[[ SUPPLIED DATA open ]]
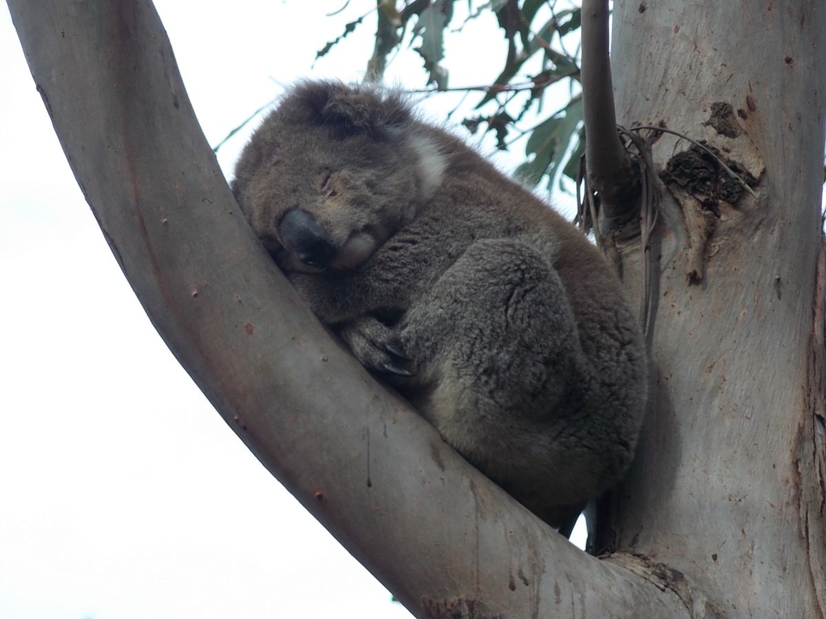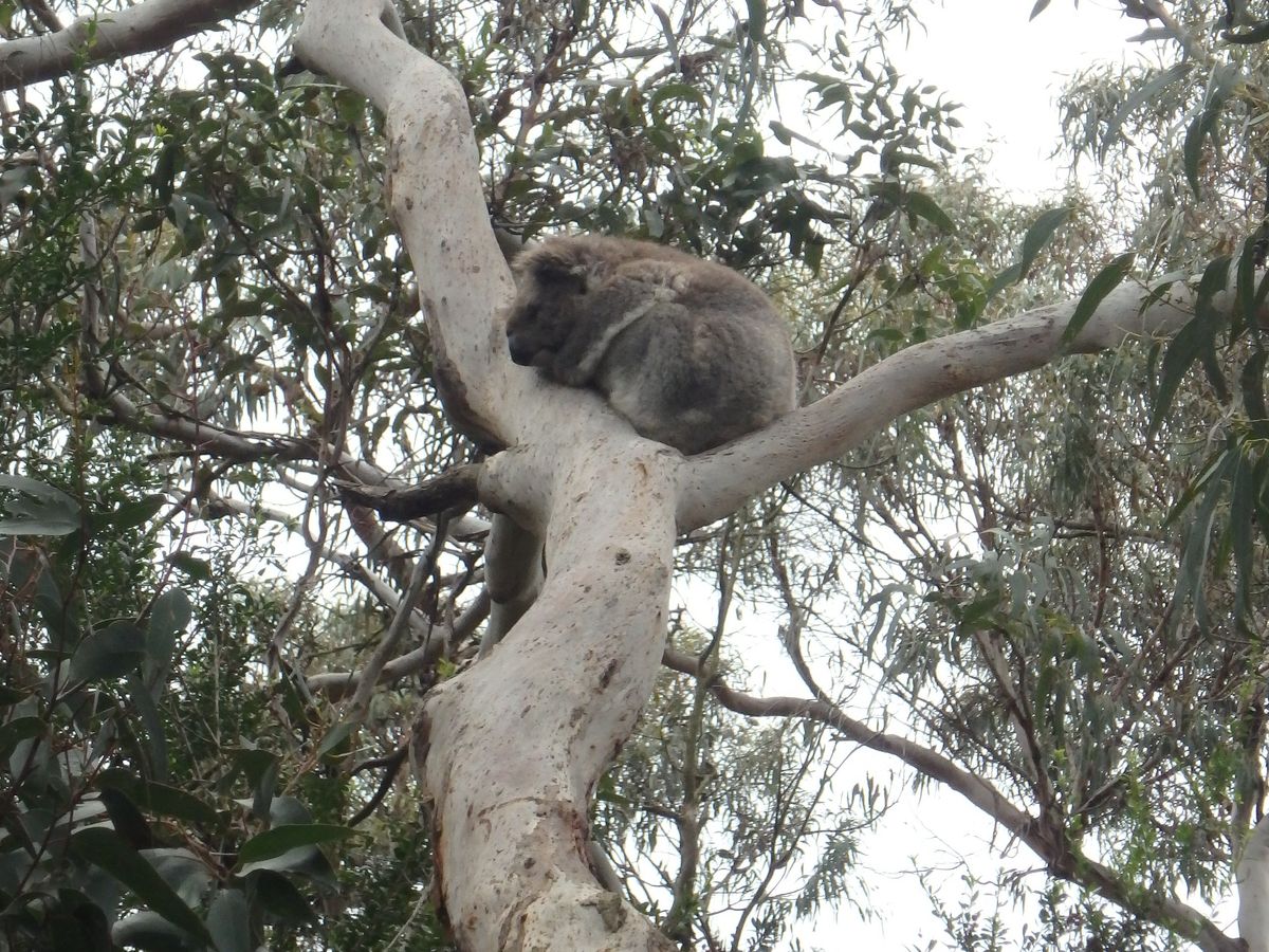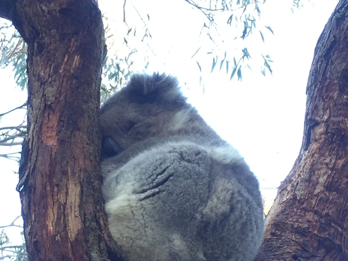 さて、次は本日のメイン、コアラとペンギンです。コアラコンサベーションセンターではボードウォークでコアラ探し。最初はなかなか見つからず困りましたが、いました・いました。ユーカリの葉を美味しそうに食べてるのが。最後の方ではかなり近い木に止まってました。近くで見るとこんなに可愛いのに触ったり抱っこできなくて残念!
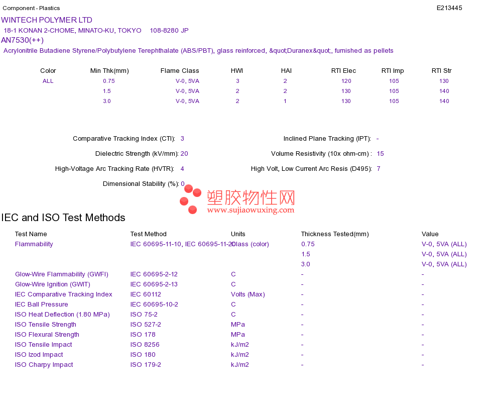 Acrylonitrile Butadiene Styrene/Polybutylene Terephthalate (ABS/PBT) AN7530(++)UL黄卡资料请登陆会员后查看,如需电子档资料,请联系客服! 赵生:手机13424755533;QQ:27660005
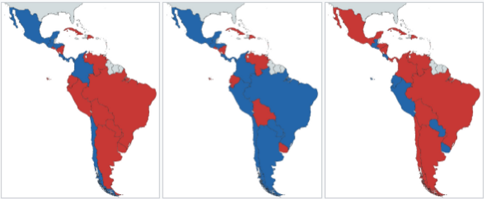 Political Ideology of Latin American executive leaders in 2011, 2018, and 2023 mapped:
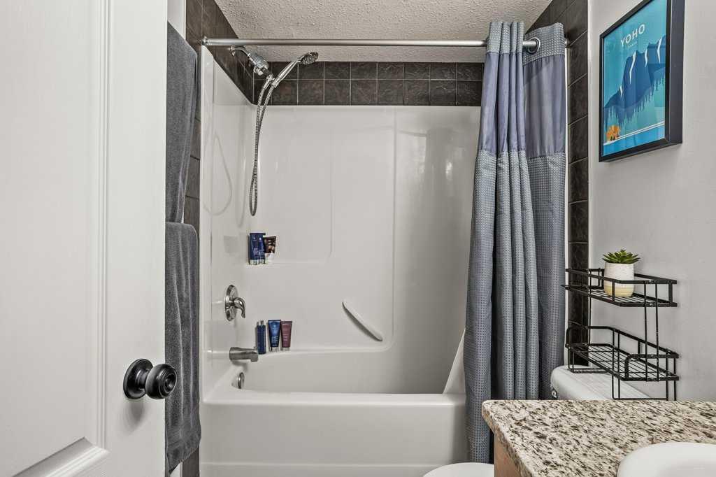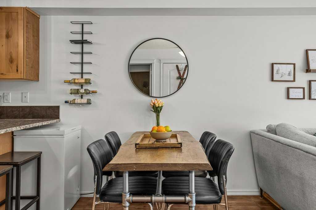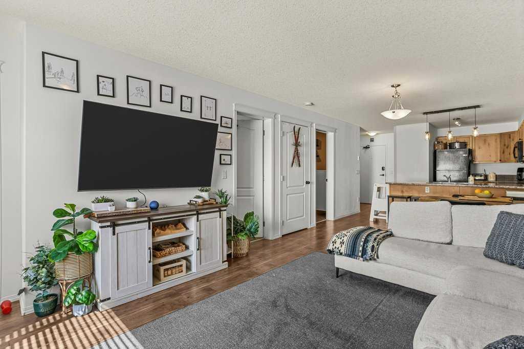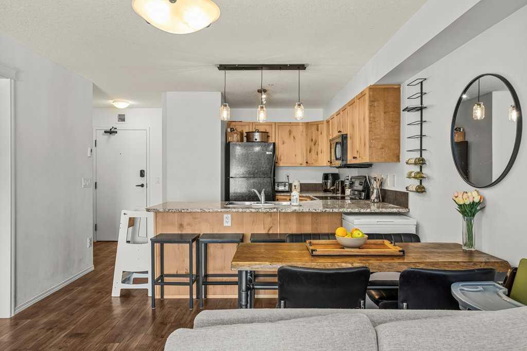 Bright and sunny two bedroom, one bathroom property. Ideally situated in the building with great light and mountain views. A smart and open concept kitchen, dining and living area with access to a sunny patio. Two spacious bedrooms and a full bathroom complete the space. Granite countertops in the kitchen and bathroom. Unit comes with a titled underground parking stall and storage cage and the building has a fitness room. Great location, close to downtown and many of Canmore's favourite attractions.
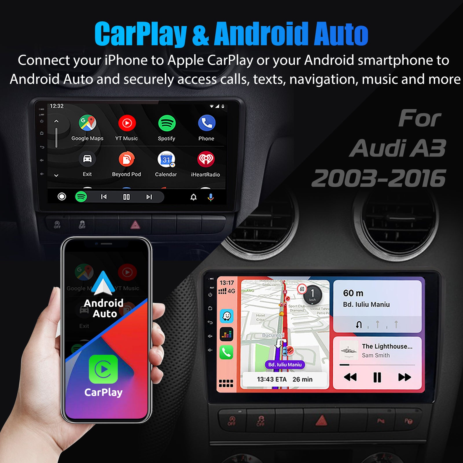 9 Inch Android 13 Car RadioFor Audi A3 8P (2003-2012):The Android car radio with 9" 1280*720 2.5D IPS capacitive touch screen, 32G/64GB ROM allows you to download your favorite apps and videos, so that driving will never be boring .No additional frame, no cable change, plug and play.
[[ SUPPLIED DATA closed ]]
**ASSIGNMENT:**
Print the material verbatim; drop the pictures.

**TASK SOLUTION:**
 さて、次は本日のメイン、コアラとペンギンです。コアラコンサベーションセンターではボードウォークでコアラ探し。最初はなかなか見つからず困りましたが、いました・いました。ユーカリの葉を美味しそうに食べてるのが。最後の方ではかなり近い木に止まってました。近くで見るとこんなに可愛いのに触ったり抱っこできなくて残念!
 Acrylonitrile Butadiene Styrene/Polybutylene Terephthalate (ABS/PBT) AN7530(++)UL黄卡资料请登陆会员后查看,如需电子档资料,请联系客服! 赵生:手机13424755533;QQ:27660005
 Political Ideology of Latin American executive leaders in 2011, 2018, and 2023 mapped:
 Bright and sunny two bedroom, one bathroom property. Ideally situated in the building with great light and mountain views. A smart and open concept kitchen, dining and living area with access to a sunny patio. Two spacious bedrooms and a full bathroom complete the space. Granite countertops in the kitchen and bathroom. Unit comes with a titled underground parking stall and storage cage and the building has a fitness room. Great location, close to downtown and many of Canmore's favourite attractions.
 9 Inch Android 13 Car RadioFor Audi A3 8P (2003-2012):The Android car radio with 9" 1280*720 2.5D IPS capacitive touch screen, 32G/64GB ROM allows you to download your favorite apps and videos, so that driving will never be boring .No additional frame, no cable change, plug and play.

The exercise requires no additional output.